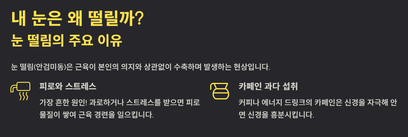 - 수면 부족: 잠이 부족하면 눈 주변 근육의 흥분도가 올라가 파르르 떨리게 됩니다.
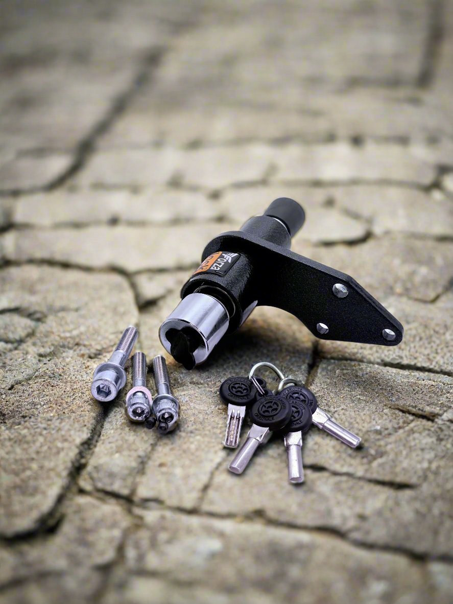 Un pistone di diametro 25 mm, che si inserisce perfettamente nel disco, nella corona o nel cerchio, a seconda del modello di moto, assicurando una protezione solida contro i tentativi di furto.
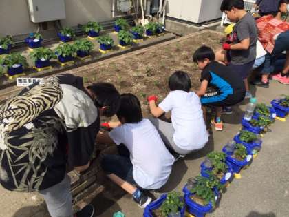 本日の園芸委員会は花壇に日日草やマリーゴールドの苗を移植しました☆
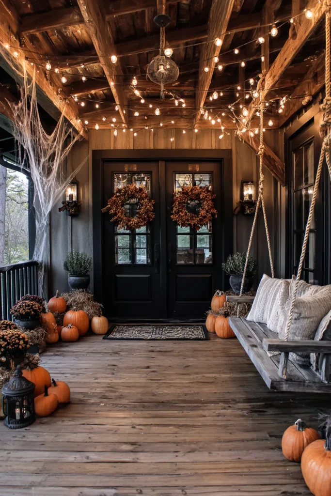 This wooden porch has a warm, rustic charm with its hanging swing, twinkling lights, and clusters of pumpkins lining the steps. Autumn wreaths on the double doors and cobwebs draped in the corner add just the right seasonal touch without overwhelming the space.
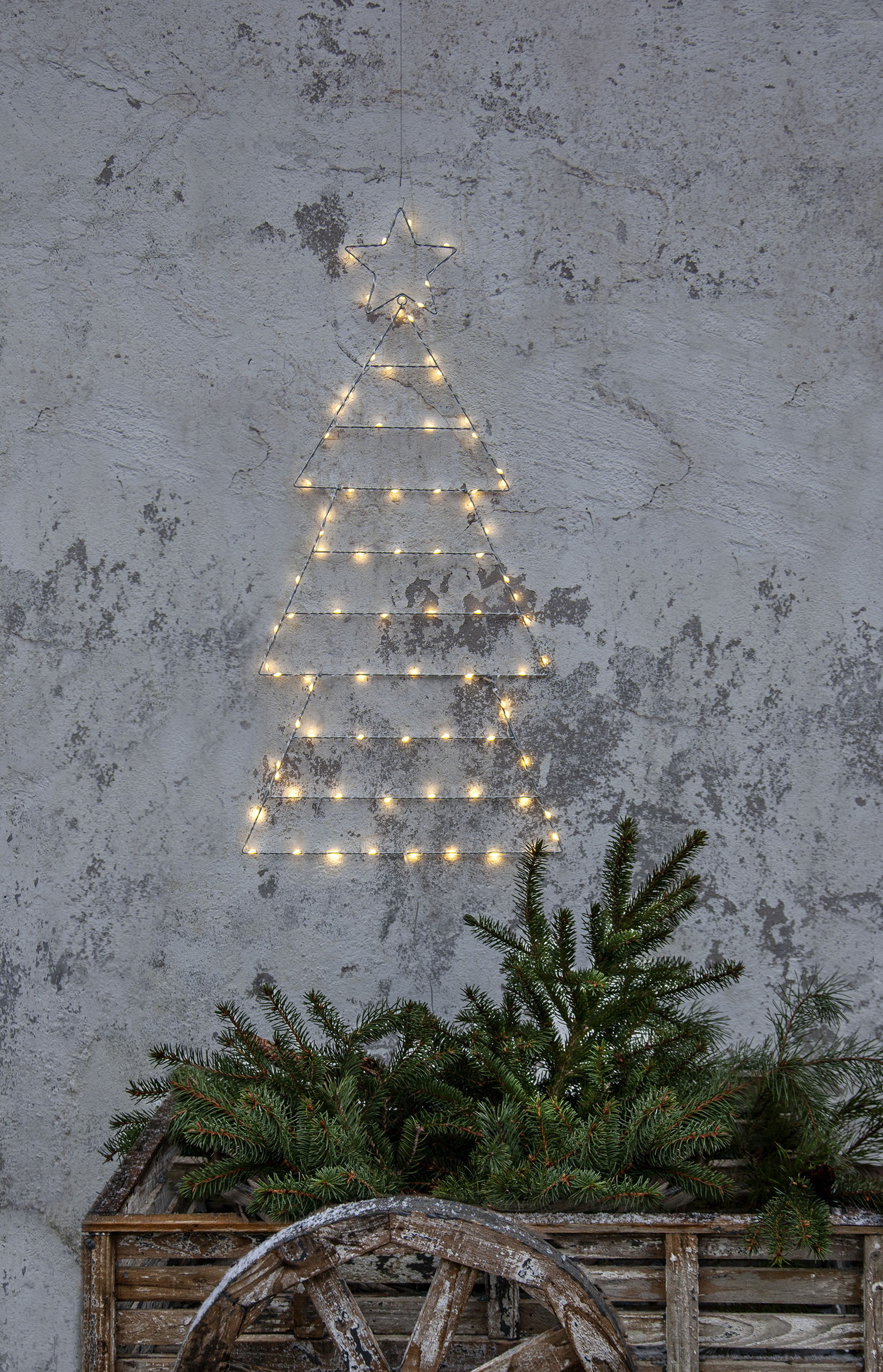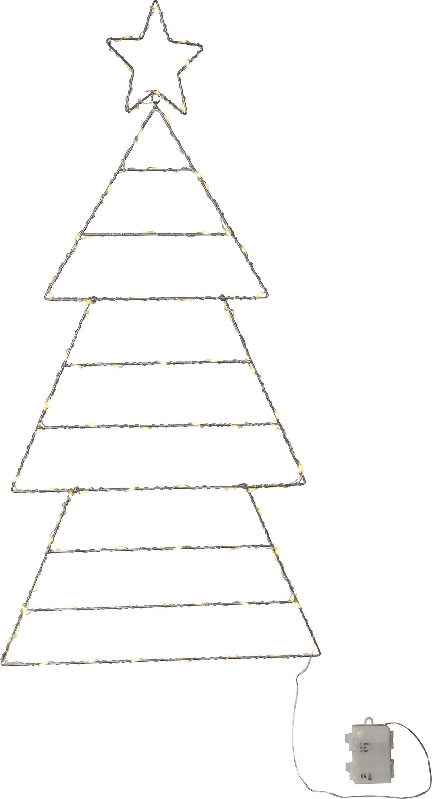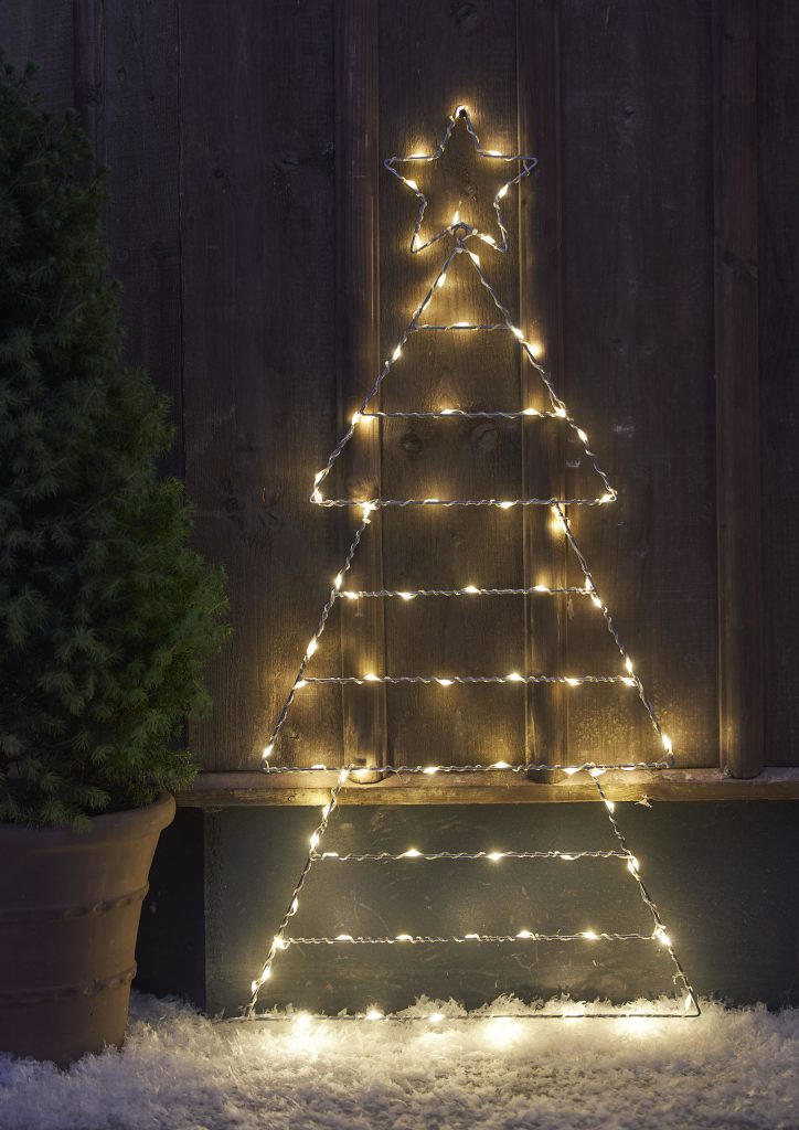 Tyylikäs hopeanvärinen kuusi-siluetti, joka sopii sekä ulko- että sisäkäyttöön. Kuusta valaisee 84 lämpimän valkoista pientä LED-valopistettä. Siluetti taittuu kokoon, mikä helpottaa sen säilyttämistä.
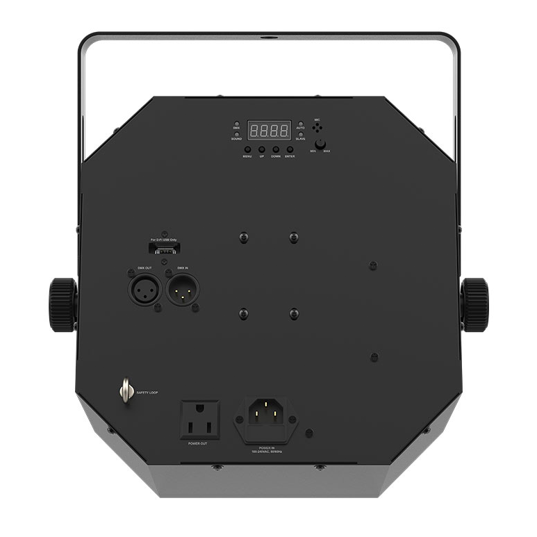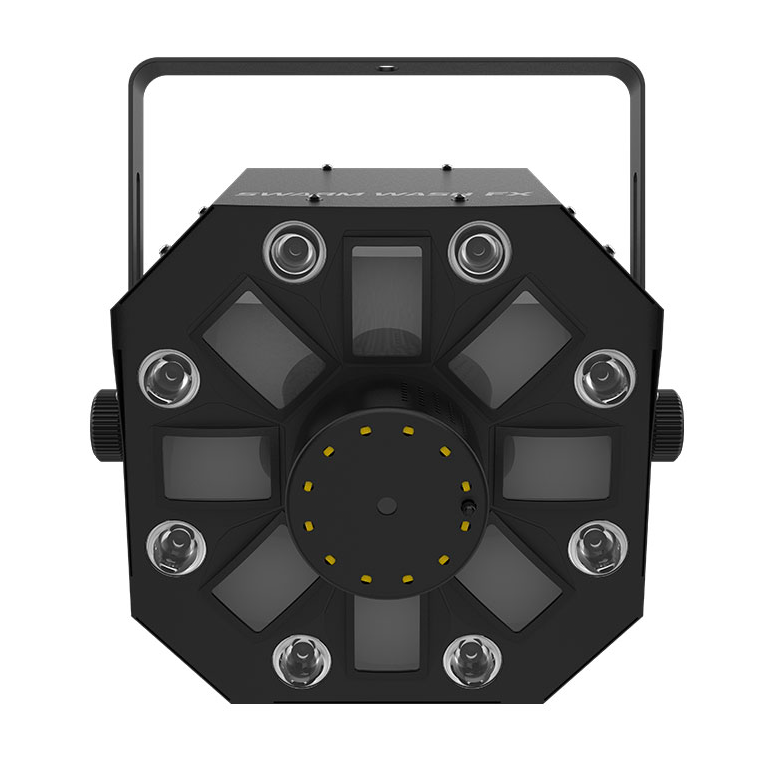 Dynamic lighting thrills are at hand with Swarm Wash FX ILS, a 4-in-1 LED light that combines an RGBAW rotating derby, RGB+UV wash, red/green laser, and a ring of white SMD strobes. Imagine red and green laser beams projecting thousands of beams and built-in, eye-catching automatic and sound- activated programs that are easy to generate. It’s all the reality of Swarm Wash FX ILS. But the punch this powerful party light packs is its compatibility with the cutting-edge Integrated Lighting System (ILS) that makes creating coordinated light shows across different fixture types easy. Swarm Wash FX ILS is also D-Fi USB compatible for use with the wireless ILS connection, and wireless Master/Slave or DMX control. Access built-in automated programs via IRC6 remote, Master/Slave or DMX.

EXERCISE INSTRUCTIONS: Return the listing above in full and without alteration, excluding its pictures.

COMPLETED TASK:
 - 수면 부족: 잠이 부족하면 눈 주변 근육의 흥분도가 올라가 파르르 떨리게 됩니다.
 Un pistone di diametro 25 mm, che si inserisce perfettamente nel disco, nella corona o nel cerchio, a seconda del modello di moto, assicurando una protezione solida contro i tentativi di furto.
 本日の園芸委員会は花壇に日日草やマリーゴールドの苗を移植しました☆
 This wooden porch has a warm, rustic charm with its hanging swing, twinkling lights, and clusters of pumpkins lining the steps. Autumn wreaths on the double doors and cobwebs draped in the corner add just the right seasonal touch without overwhelming the space.
 Tyylikäs hopeanvärinen kuusi-siluetti, joka sopii sekä ulko- että sisäkäyttöön. Kuusta valaisee 84 lämpimän valkoista pientä LED-valopistettä. Siluetti taittuu kokoon, mikä helpottaa sen säilyttämistä.
 Dynamic lighting thrills are at hand with Swarm Wash FX ILS, a 4-in-1 LED light that combines an RGBAW rotating derby, RGB+UV wash, red/green laser, and a ring of white SMD strobes. Imagine red and green laser beams projecting thousands of beams and built-in, eye-catching automatic and sound- activated programs that are easy to generate. It’s all the reality of Swarm Wash FX ILS. But the punch this powerful party light packs is its compatibility with the cutting-edge Integrated Lighting System (ILS) that makes creating coordinated light shows across different fixture types easy. Swarm Wash FX ILS is also D-Fi USB compatible for use with the wireless ILS connection, and wireless Master/Slave or DMX control. Access built-in automated programs via IRC6 remote, Master/Slave or DMX.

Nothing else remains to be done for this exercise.